Launch Vehicle: Space Shuttle Discovery

Launch Site: Kennedy Space Center – Launch Pad 39A

Description: Space Shuttle Discovery launching on assembly flight 15A, will deliver the fourth starboard truss segment to the International Space Station.

Date: Dec. 15

Mission: OCO

Launch Vehicle: Orbital Sciences Taurus Rocket

Launch Site: Vandenberg Air Force Base – Launch Pad SLC 576-E

Description: The Orbiting Carbon Observatory is a new Earth orbiting mission sponsored by NASA’s Earth System Science Pathfinder Program.

2009 Launches

Date: Feb. 1

Mission: NOAA-N Prime

Launch Vehicle: United Launch Alliance Delta II

Launch Site: Vandenberg Air Force Base – Launch Pad SLC-2

Description: NOAA-N Prime is the latest polar-orbiting satellite developed by NASA/Goddard Spaceflight Center for the National Oceanic and Atmospheric Administration (NOAA). NOAA uses two satellites, a morning and afternoon satellite, to ensure every part of the Earth is observed at least twice every 12 hours.

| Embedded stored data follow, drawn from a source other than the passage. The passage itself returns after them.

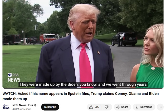 มีข้อมูลเท็จเกี่ยวกับคดี Epstein Files เผยแพร่ทางสื่อสังคมออนไลน์ เมื่อประธานาธิบดี โดนัลด์ ทรัมป์ อ้างว่า คู่แข่งทางการเมืองอย่าง บารัค โอบามา และ โจ ไบเดน คือตัวการที่ปลุกกระแสให้ผู้คนในสังคมเชื่อว่ารายชื่อลูกค้าของ เจฟฟรีย์ เอปสตีน นักโทษคดีค้ากามเด็ก หรือที่รู้จักในชื่อ Epstein Files มีอยู่จริง
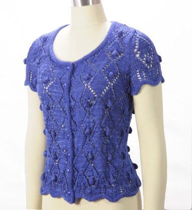 This short sleeve summer cardigan has an all over Diamond Bobble Lace Stitch. The stitch pattern appears in text and chart formats. The sleeve is a classic set in version. The body is worked bottom up in a single piece to the underarms, then divided to work to the shoulders. The edging on the fronts and neckline is picked up on a circular needle and knitted out. Buttonholes are created between the edge of the garment and the band. The sample is knit in a hand dyed wool and silk blend yarn, which creates a fabric with lots of drape. It is shown with 5 cm (2 inches) of positive ease.
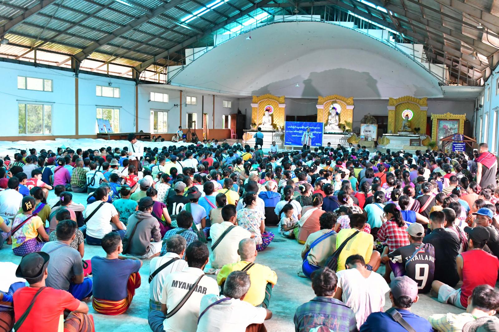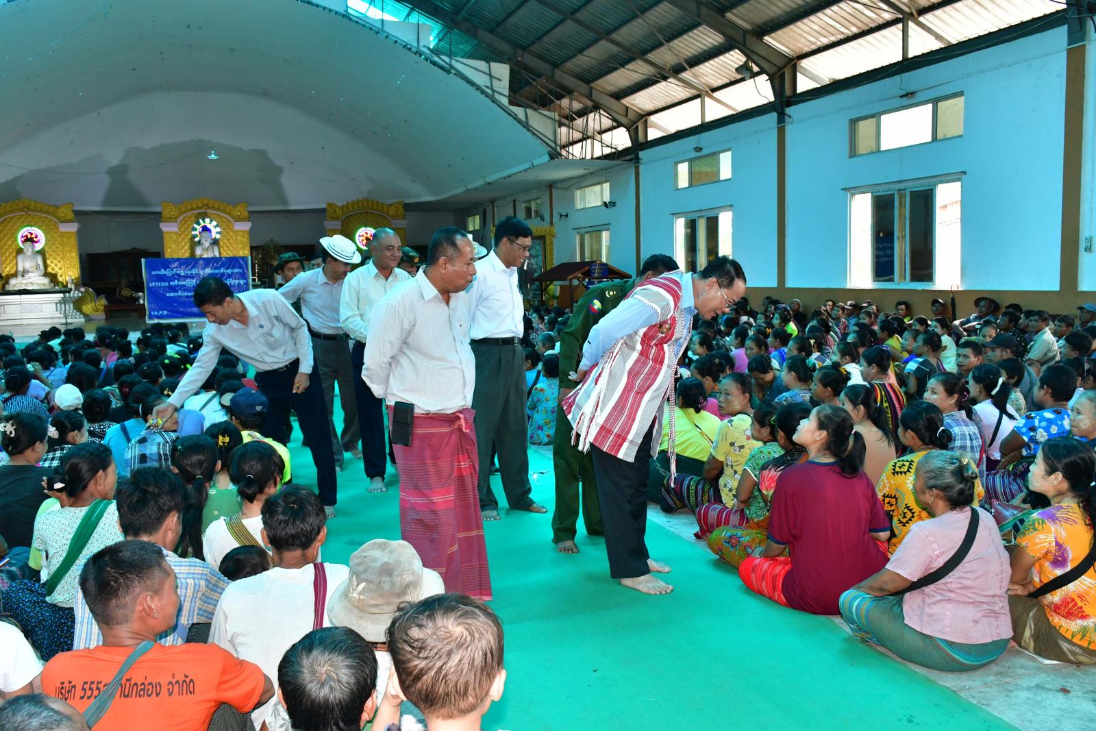 ထို့နောက် ပြည်နယ်ဝန်ကြီးချုပ်နှင့်အဖွဲ့သည် မြိုင်ကြီးငူအထူးဒေသ အေးလင်းသာယာ ကျောက်စာကွင်း၌ ယာယီပြောင်းရွှေ့နေထိုင်သူအိမ်ထောင်စုများအား APTERR အစီအစဉ်ဖြင့် လှူဒါန်းသောဆန်ရိက္ခာများ ထောက်ပံ့ပေးအပ်ရာ ပြည်နယ်ဝန်ကြီးချုပ်က ယာယီနေထိုင်စဉ်ကာလ အတွင်း စည်းစည်းလုံးလုံးနေထိုင်ကြစေလိုပြီး ကျန်းမာရေးကို အထူးဂရုစိုက်ကြရန်၊ တစ်ကိုယ်ရည် သန့်ရှင်းရေး၊ ပတ်ဝန်းကျင်သန့်ရှင်းရေးဂရုပြုကြရန်၊ ကျောင်းနေအရွယ်ကလေးငယ်များ ကျောင်းအပ်နှံ၍ ပညာရေးနှောင့်နှေးမှုမရှိစေရေး ကြိုးစားဆောင်ရွက်ကြရန်၊ စည်းကမ်းနှင့်အညီ နေထိုင်ပြီး တာဝန်ရှိသူများ၏ပြောဆိုဆုံးမမှုများကိုနာခံ၍ ဆရာတော်ကြီးများနှင့်ဂေါပကအဖွဲ့များ၏ ဆုံးမဩဝါဒနှင့်အညီ နေထိုင်ကြရန် အားပေးစကားများပြောကြားပြီး ပြည်နယ်ဝန်ကြီးချုပ်၊ ပြည်နယ်အစိုးရအဖွဲ့ဝင်များနှင့် တာဝန်ရှိသူများက မြိုင်ကြီးငူအထူးဒေသရှိ ယာယီပြောင်းရွှေ့နေထိုင်သူ အိမ်ထောင်စု ၁၀၅၆ စု လူဦးရေ ၅၅၂၆ ဦးအတွက် APTERR အစီအစဉ်ဖြင့်လှူဒါန်းသော ၄၀ ကီလိုဂရမ် ဆန်အိတ် ၉၆၇ အိတ်ကို ထောက်ပံ့ပေးအပ်ခဲ့ကြကာ ယာယီပြောင်းရွှေ့နေထိုင်သူများအား ရင်းနှီးနွေးထွေးစွာ တွေ့ဆုံနှုတ်ဆက်၍ အားပေးစကားများပြောကြားခဲ့ကြသည်။

NOAA-N will collect information about Earth’s atmosphere and environment to improve weather prediction and climate research across the globe.

Date: Feb. 16

Mission: Kepler

Launch Vehicle: United Launch Alliance Delta II

Launch Site: Cape Canaveral Air Force Station – Launch Complex 17 – Pad 17-B

Description: The Kepler Mission, a NASA Discovery mission, is specifically designed to survey our region of the Milky Way galaxy to detect and characterize hundreds of Earth-size and smaller planets in or near the habitable zone.

Date: March 1

Mission: Glory

Launch Vehicle: Orbital Sciences Taurus Rocket

Launch Site: Vandenberg Air Force Base – Launch Pad SLC 576-E

Description: The Glory Mission will help increase our understanding of the Earth’s energy balance by collecting data on the properties of aerosols and black carbon in the Earth’s atmosphere and how the Sun’s irradiance affects the Earth’s climate.